» PROBLEM: Your task is to copy the lines from the line containing "În rezultat, cu" through the end of the listing below, both included, without any pictures.
***** AVAILABLE DATA
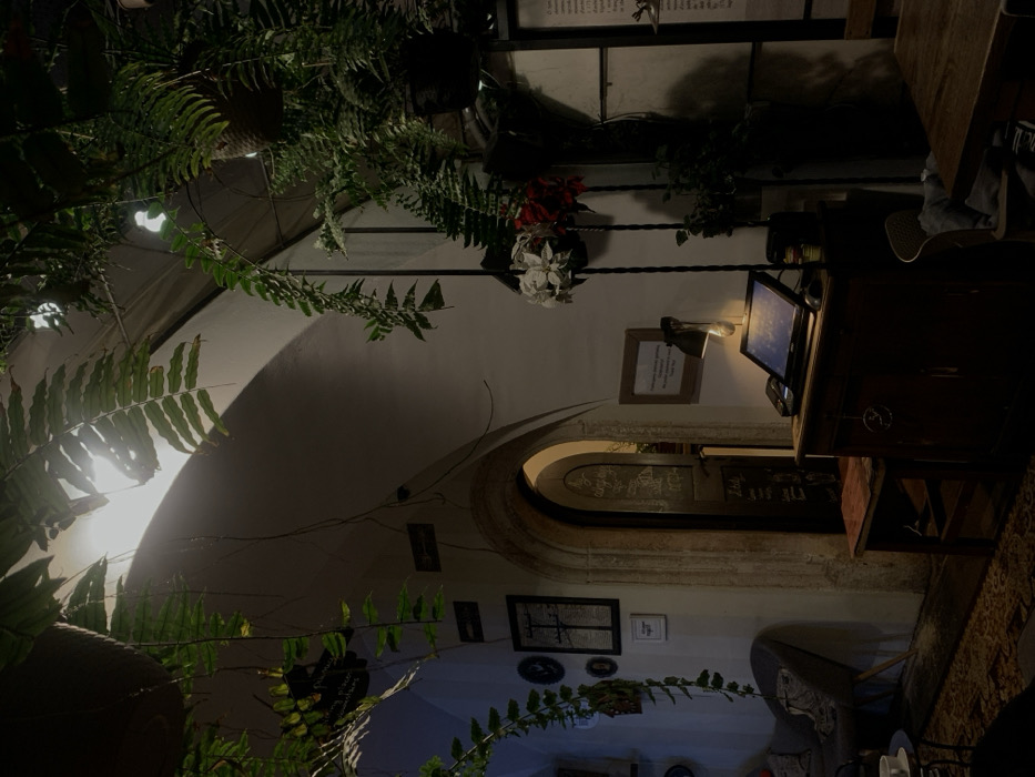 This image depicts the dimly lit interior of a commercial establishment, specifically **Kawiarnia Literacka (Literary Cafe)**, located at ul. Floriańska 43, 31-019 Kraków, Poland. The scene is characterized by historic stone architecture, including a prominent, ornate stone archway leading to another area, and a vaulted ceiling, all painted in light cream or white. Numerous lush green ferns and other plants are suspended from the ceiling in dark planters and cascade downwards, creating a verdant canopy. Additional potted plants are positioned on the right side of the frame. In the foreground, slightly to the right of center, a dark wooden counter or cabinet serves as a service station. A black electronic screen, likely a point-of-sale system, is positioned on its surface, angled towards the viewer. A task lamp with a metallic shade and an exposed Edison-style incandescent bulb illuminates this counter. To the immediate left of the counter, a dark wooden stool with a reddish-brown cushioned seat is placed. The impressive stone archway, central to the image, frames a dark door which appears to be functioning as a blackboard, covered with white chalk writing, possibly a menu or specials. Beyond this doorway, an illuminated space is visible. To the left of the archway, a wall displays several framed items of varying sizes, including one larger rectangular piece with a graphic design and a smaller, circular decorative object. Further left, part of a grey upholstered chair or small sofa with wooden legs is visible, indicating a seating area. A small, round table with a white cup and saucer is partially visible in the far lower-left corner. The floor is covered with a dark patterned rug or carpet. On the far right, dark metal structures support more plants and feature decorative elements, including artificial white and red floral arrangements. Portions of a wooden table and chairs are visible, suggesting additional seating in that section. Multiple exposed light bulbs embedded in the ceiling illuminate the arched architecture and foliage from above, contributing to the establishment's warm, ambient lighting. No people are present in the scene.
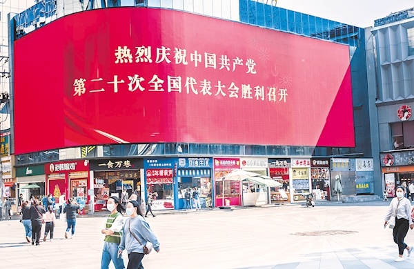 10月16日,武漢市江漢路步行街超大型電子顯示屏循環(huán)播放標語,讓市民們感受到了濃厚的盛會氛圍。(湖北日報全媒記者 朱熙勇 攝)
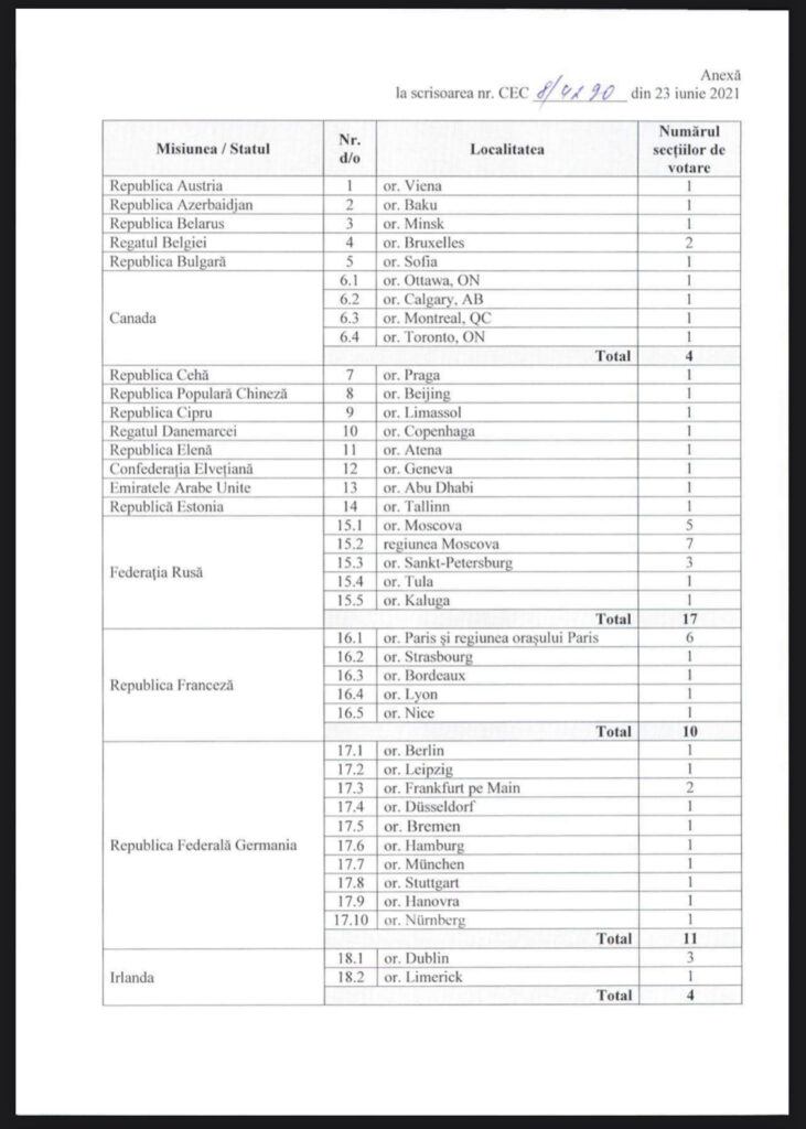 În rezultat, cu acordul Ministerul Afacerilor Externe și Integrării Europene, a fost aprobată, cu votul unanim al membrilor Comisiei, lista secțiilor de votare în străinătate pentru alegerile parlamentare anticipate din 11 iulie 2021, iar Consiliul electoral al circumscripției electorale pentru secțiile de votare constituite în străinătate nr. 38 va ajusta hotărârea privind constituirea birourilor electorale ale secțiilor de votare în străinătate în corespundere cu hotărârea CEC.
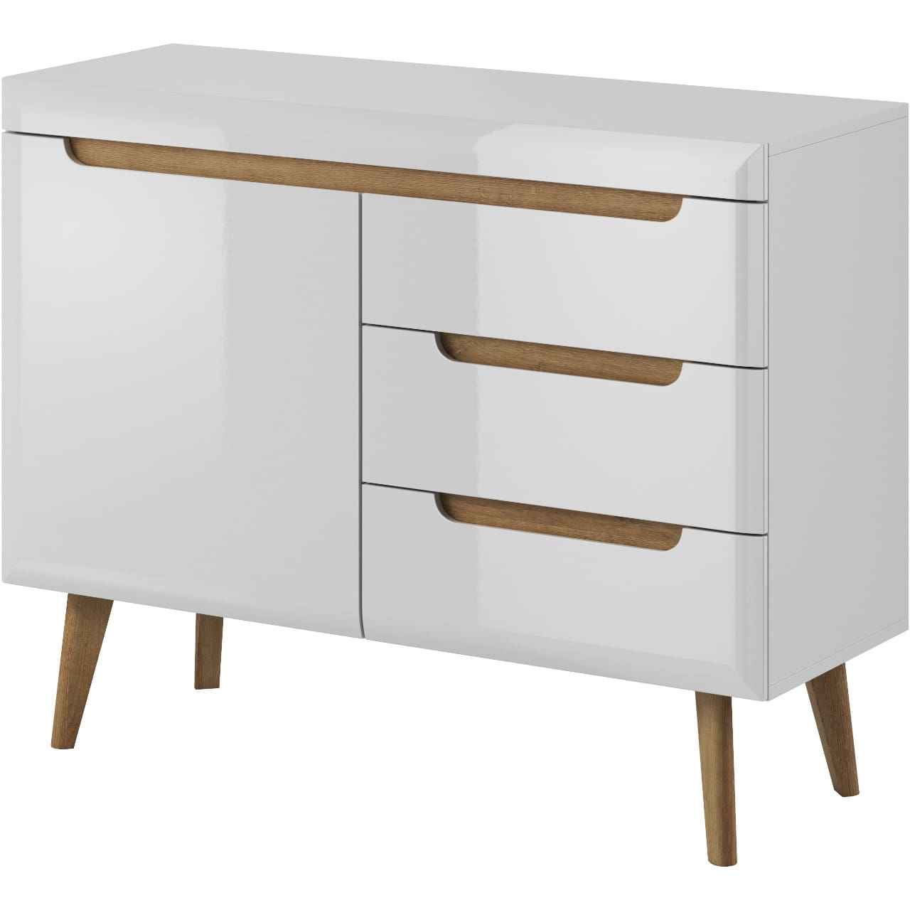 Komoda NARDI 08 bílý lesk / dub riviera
**********
» TASK RESPONSE:
 În rezultat, cu acordul Ministerul Afacerilor Externe și Integrării Europene, a fost aprobată, cu votul unanim al membrilor Comisiei, lista secțiilor de votare în străinătate pentru alegerile parlamentare anticipate din 11 iulie 2021, iar Consiliul electoral al circumscripției electorale pentru secțiile de votare constituite în străinătate nr. 38 va ajusta hotărârea privind constituirea birourilor electorale ale secțiilor de votare în străinătate în corespundere cu hotărârea CEC.
 Komoda NARDI 08 bílý lesk / dub riviera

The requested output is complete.